Source records:
____

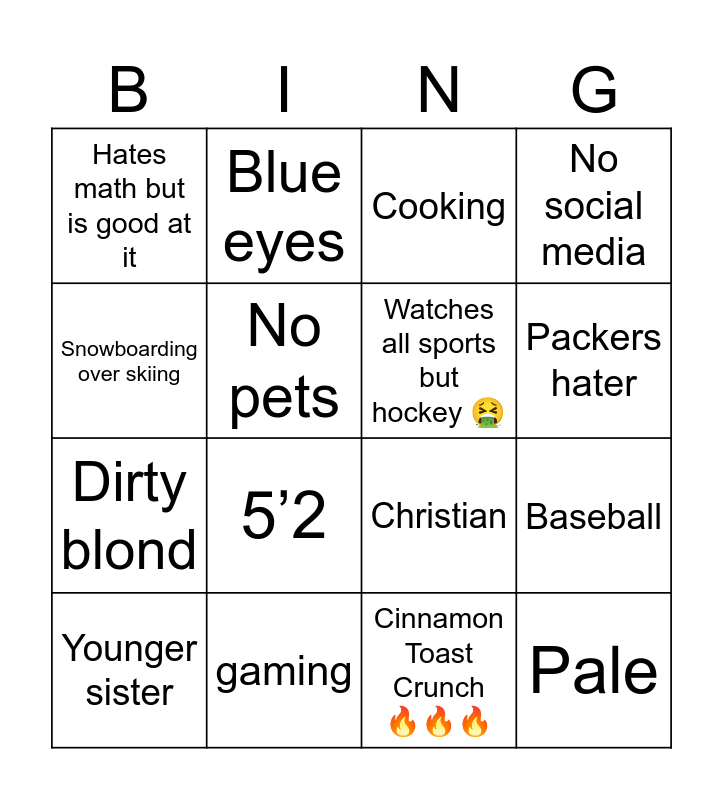 This bingo card has 16 words: gaming, Baseball, Cooking, Hates math but is good at it, Dirty blond, Blue eyes, Christian, Cinnamon Toast Crunch 🔥🔥🔥, Snowboarding over skiing, No pets, Younger sister, No social media, 5’2, Packers hater, Watches all sports but hockey 🤮 and Pale.
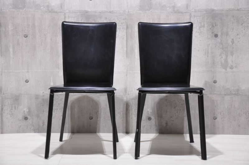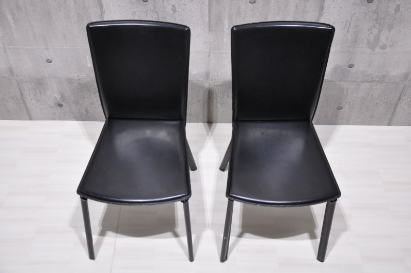 Calligaris カリガリス ダイニングチェア 2脚セットです。◇サイズ幅43cm × 奥行き54cm × 高さ85cm 座面の高さ44cm※素人採寸の為、多少の誤差はお許しください。◇状態全体的に使用感、傷があります。画像にてご確認ください。脚の革カバーは全て取り外し可能です。
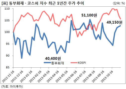 동부화재의 주가가 반등하고 있다. 동부화재의 주가는 지난 1년간 4만원~5만원 사이에서 박스권 움직임을 보였다. 최근 주가 반등으로 52주 최고가 대비 4% 낮은 4만9150원대에 거래되고 있다. 동부화재의 최근 1년간 수익률은 시장수익률을 3%p 하회했다. 동부화재의 주가상승은 계속될 수 있을까.
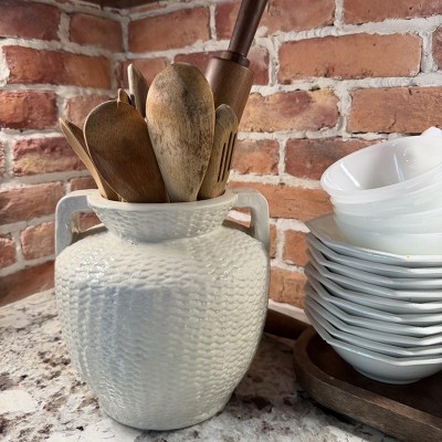 Whether you're accenting a bookshelf or creating a centerpiece, this Large Woven Texture Ceramic Vase from Threshold™ designed with Studio McGee beautifully blends farmhouse flair with timeless elegance. This decorative vase features a classic urn-shaped body with a distinct, raised basket-weave exterior and integrated side handles for an artisanal piece you can display on its own. Crafted from ceramic with a watertight construction, it's also perfect for displaying fresh or faux florals on your console, dining table or mantel.
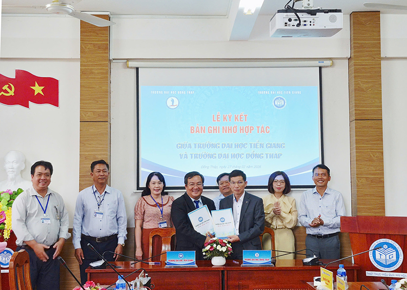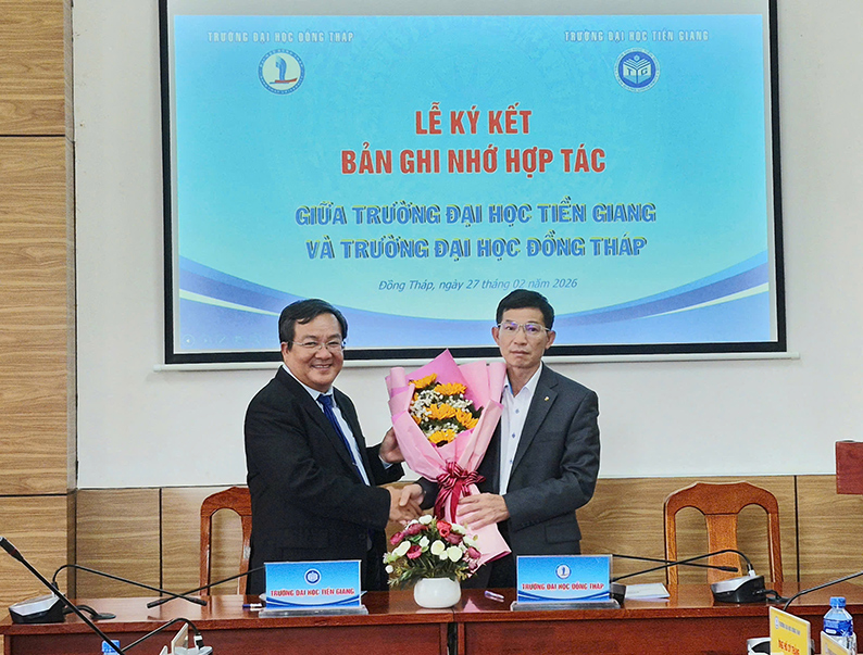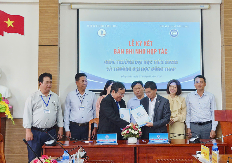 Chiều ngày 27/02/2026, tại Trường Đại học Tiền Giang đã diễn ra buổi làm việc và lễ ký kết Biên bản ghi nhớ hợp tác đào tạo, bồi dưỡng giữa Trường ĐH Tiền Giang và Trường ĐH Đồng Tháp. Chương trình nhằm tăng cường liên kết giữa các cơ sở giáo dục đại học trong bối cảnh đổi mới, tự chủ và hội nhập, qua đó phát huy thế mạnh của hai bên để nâng cao chất lượng đào tạo và phát triển nguồn nhân lực cho địa phương.
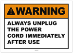 Warning Always Unplug the Power Cord Immediately After Use Sticker
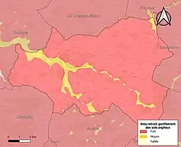 Les mouvements de terrains susceptibles de se produire sur la commune sont des affaissements et effondrements liés aux cavités souterraines (hors mines) et des tassements différentiels[20]. Afin de mieux appréhender le risque d’affaissement de terrain, un inventaire national permet de localiser les éventuelles cavités souterraines sur la commune[21]. Le retrait-gonflement des sols argileux est susceptible d'engendrer des dommages importants aux bâtiments en cas d’alternance de périodes de sécheresse et de pluie[22]. La totalité de la commune est en aléa moyen ou fort (79,5 % au niveau départemental et 48,5 % au niveau national)[Carte 2]. Depuis le , en application de la loi ÉLAN, différentes contraintes s'imposent aux vendeurs, maîtres d'ouvrages ou constructeurs de biens situés dans une zone classée en aléa moyen ou fort[Note 2],[23].

____

Your objective. Your answer should reproduce every line of the data verbatim and include no images.

Solution to the exercise.
 This bingo card has 16 words: gaming, Baseball, Cooking, Hates math but is good at it, Dirty blond, Blue eyes, Christian, Cinnamon Toast Crunch 🔥🔥🔥, Snowboarding over skiing, No pets, Younger sister, No social media, 5’2, Packers hater, Watches all sports but hockey 🤮 and Pale.
 Calligaris カリガリス ダイニングチェア 2脚セットです。◇サイズ幅43cm × 奥行き54cm × 高さ85cm 座面の高さ44cm※素人採寸の為、多少の誤差はお許しください。◇状態全体的に使用感、傷があります。画像にてご確認ください。脚の革カバーは全て取り外し可能です。
 동부화재의 주가가 반등하고 있다. 동부화재의 주가는 지난 1년간 4만원~5만원 사이에서 박스권 움직임을 보였다. 최근 주가 반등으로 52주 최고가 대비 4% 낮은 4만9150원대에 거래되고 있다. 동부화재의 최근 1년간 수익률은 시장수익률을 3%p 하회했다. 동부화재의 주가상승은 계속될 수 있을까.
 Whether you're accenting a bookshelf or creating a centerpiece, this Large Woven Texture Ceramic Vase from Threshold™ designed with Studio McGee beautifully blends farmhouse flair with timeless elegance. This decorative vase features a classic urn-shaped body with a distinct, raised basket-weave exterior and integrated side handles for an artisanal piece you can display on its own. Crafted from ceramic with a watertight construction, it's also perfect for displaying fresh or faux florals on your console, dining table or mantel.
 Chiều ngày 27/02/2026, tại Trường Đại học Tiền Giang đã diễn ra buổi làm việc và lễ ký kết Biên bản ghi nhớ hợp tác đào tạo, bồi dưỡng giữa Trường ĐH Tiền Giang và Trường ĐH Đồng Tháp. Chương trình nhằm tăng cường liên kết giữa các cơ sở giáo dục đại học trong bối cảnh đổi mới, tự chủ và hội nhập, qua đó phát huy thế mạnh của hai bên để nâng cao chất lượng đào tạo và phát triển nguồn nhân lực cho địa phương.
 Warning Always Unplug the Power Cord Immediately After Use Sticker
 Les mouvements de terrains susceptibles de se produire sur la commune sont des affaissements et effondrements liés aux cavités souterraines (hors mines) et des tassements différentiels[20]. Afin de mieux appréhender le risque d’affaissement de terrain, un inventaire national permet de localiser les éventuelles cavités souterraines sur la commune[21]. Le retrait-gonflement des sols argileux est susceptible d'engendrer des dommages importants aux bâtiments en cas d’alternance de périodes de sécheresse et de pluie[22]. La totalité de la commune est en aléa moyen ou fort (79,5 % au niveau départemental et 48,5 % au niveau national)[Carte 2]. Depuis le , en application de la loi ÉLAN, différentes contraintes s'imposent aux vendeurs, maîtres d'ouvrages ou constructeurs de biens situés dans une zone classée en aléa moyen ou fort[Note 2],[23].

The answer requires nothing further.